Using the formula for the differentiated geometric series (and the fact that with our choice of $z$ we have $\vert\frac{z}{\omega}\vert<1$ for all $\omega \neq 0$), one shows $$\sum_{\omega\neq 0 }\sum_{n=1}^{\infty}\frac{(n+1)}{\vert \omega \vert ^{n+2}}\cdot \vert z\vert ^n=\sum_{\omega\neq 0}\Big(\frac{1}{(\vert \omega \vert-\vert z \vert)^2}-\frac{1}{\vert \omega \vert^2}\Big).$$ The right-hand side is a convergent series.
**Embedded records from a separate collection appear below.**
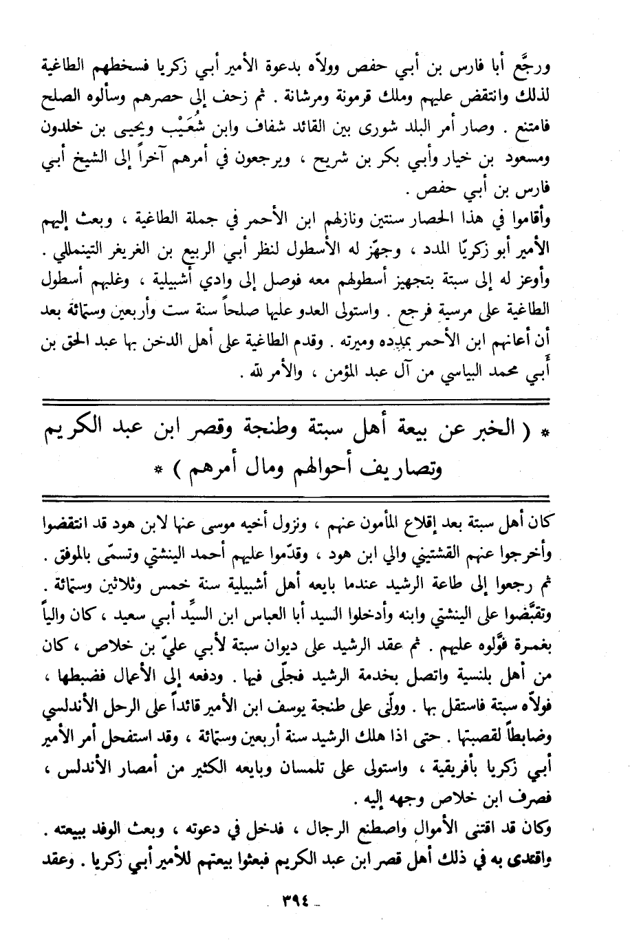 (الخبر عن بيعة أهل سبتة وطنجة وقصر ابن عبد الكريم وتصاريف أحوالهم ومال أمرهم)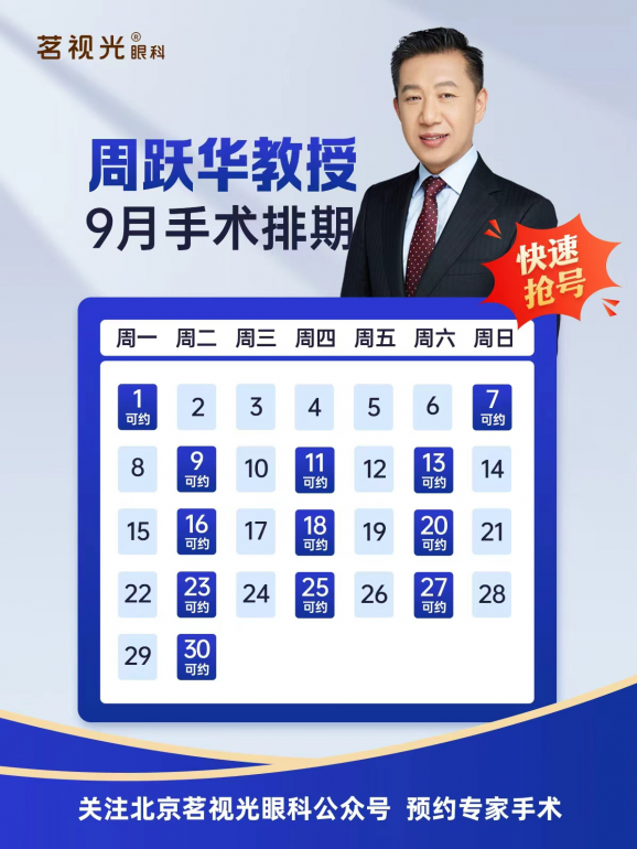 想要预约的朋友,只需关注 “北京茗视光眼科” 官方公众号,点击预约通道选择周跃华总院长的出诊时段,即可锁定手术时间,挑选适合自己的档期。
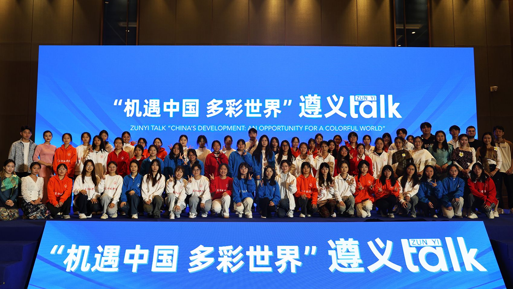 本网讯(文/黄玥、蒲晓双 图/陈思意、柳祥杰、李雅琪)10月28日至31日,由中国外文局、省政府新闻办主办的“机遇中国 多彩世界”国际交流周传播活动在遵义举行。我校170名师生代表受邀参加,与国内外专家学者、驻华使节、外籍博主、国际青年等,围绕贵州的红色文化、绿色发展等进行参访交流。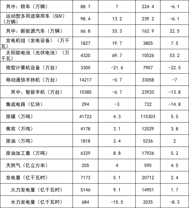 分产品看,3月份,620种产品中有347种产品产量同比增长。钢材12725万吨,同比增长8.1%;水泥20580万吨,增长10.4%;十种有色金属628万吨,增长6.9%;乙烯261万吨,增长3.6%;汽车260.8万辆,增长11.2%,其中新能源汽车66.8万辆,增长33.3%;发电量7173亿千瓦时,同比增长5.1%;原油加工量6329万吨,同比增长8.8%。

This can be established by using the absolute convergence of the Eisenstein series $\sum_{\omega \neq 0}\frac{1}{\omega^3}$ as follows:
Let $\omega \in \Omega \setminus \{0\}$ and $0<\vert z \vert \leq \frac{\vert \omega \vert}{2}$. First, note that $$\frac{1}{(\vert z \vert -\vert \omega \vert)^2}-\frac{1}{\vert \omega \vert ^2}=\frac{2\vert z \vert \vert \omega \vert - \vert z \vert ^2}{(\vert z \vert - \vert \omega \vert)^2\vert \omega \vert ^2}.$$ Additionally, we then have $$(\vert z \vert - \vert \omega \vert)^2\vert \omega \vert ^2= (\vert \omega \vert - \vert z \vert)^2\vert \omega \vert ^2\geq \frac{\vert \omega \vert ^4}{4}.$$ By the triangle inequality $$2\vert z \vert \vert \omega \vert -\vert z\vert^2 \leq \big\vert 2\vert z \vert \vert \omega \vert -\vert z\vert^2\big\vert \leq 2\vert z \vert \vert \omega \vert +\vert z\vert^2\leq \frac{5}{2}\vert z \vert \vert \omega \vert.$$ Thus, we have $$\sum_{\vert \omega \vert \geq 2\vert z \vert} \Big(\frac{1}{(\vert \omega \vert-\vert z \vert)^2}-\frac{1}{\vert \omega \vert^2}\Big)\leq 10\vert z \vert \sum_{\vert \omega \vert \geq 2\vert z \vert} \frac{1}{\vert \omega \vert^3}.$$ Since the Eisenstein series $\sum_{\omega \neq 0}\frac{1}{\omega^3}$ converges absolutely, this shows $$\sum_{\vert \omega \vert \geq 2\vert z \vert} \Big(\frac{1}{(\vert \omega \vert-\vert z \vert)^2}-\frac{1}{\vert \omega \vert^2}\Big)<\infty.$$
Finally, note that
$$\sum_{\omega \neq 0} \Big(\frac{1}{(\vert \omega \vert-\vert z \vert)^2}-\frac{1}{\vert \omega \vert^2}\Big)= \sum_{0<\vert \omega \vert < 2\vert z \vert} \Big(\frac{1}{(\vert \omega \vert-\vert z \vert)^2}-\frac{1}{\vert \omega \vert^2}\Big)+ \sum_{\vert \omega \vert \geq 2\vert z \vert} \Big(\frac{1}{(\vert \omega \vert-\vert z \vert)^2}-\frac{1}{\vert \omega \vert^2}\Big).$$ The first sum is finite, while the second converges, as we have shown.